In order for people to find a reason to work as a member of a team, they need a common purpose and a sense of identity. Put a group of people in a lift together and they think and act as individuals. Create a crisis situation such as a breakdown or fire in the lift shaft and the need for survival becomes the common purpose. Instinctively each person assumes a role that they think will help the group survive, for example tactician, comforter, problem solver etc.

In this part, I examine the roles that people play within teams and the factors that may affect their capacity to perform effectively. The role that managers play in promoting effective team-working is also considered.

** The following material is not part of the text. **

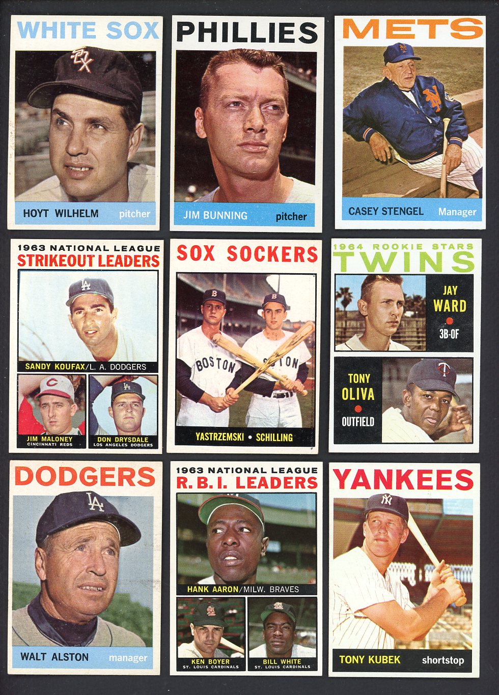 1964 Topps Baseball lot of 466 different in EX-MT condition overall (some EX+/EX-MT). Includes Wilhelm, Bunning, Stengel, Yastrzemski #182, Oliva, Alston, Kubek, J. Wynn rookie, Stengel #393, Bouton, 16 team cards, 5 checklists, 10 leader cards, 4 World Series cards, etc. Buy with confidence. We are the oldest full-time dealer in America, serving collectors since 1976. ALL CARDS ARE SUBJECT TO YOUR APPROVAL. If you ever receive anything that is unsatisfactory you may return it for replacement or full refund. The card pictured is the actual card you will receive. For orders or assistance, call our Toll Free number 888-548-9686 weekdays 8-6 Pacific.

The British management guru Charles Handy tells a good story of how, when addressing a group of undergraduates, he once described ineffective teams as being like a rowing crew with eight people going backwards without talking to one another, being guided by someone who is too small to see where they were going. He admitted that he got a bit of flak from a rower in the audience who argued that, on the contrary, they were a good example of the perfect team; as they would not have the confidence to pull on the oar so strongly without talking or seeing if they didn’t have complete trust in each other and in the person steering the boat. I like Handy, but in this instance I think the rowers beat him by a canvas.

I’ll leave it to the American car magnate Henry Ford to sum up what this section is all about. He described team formation as ‘Coming together is a beginning; keeping together is a process; working together is success’.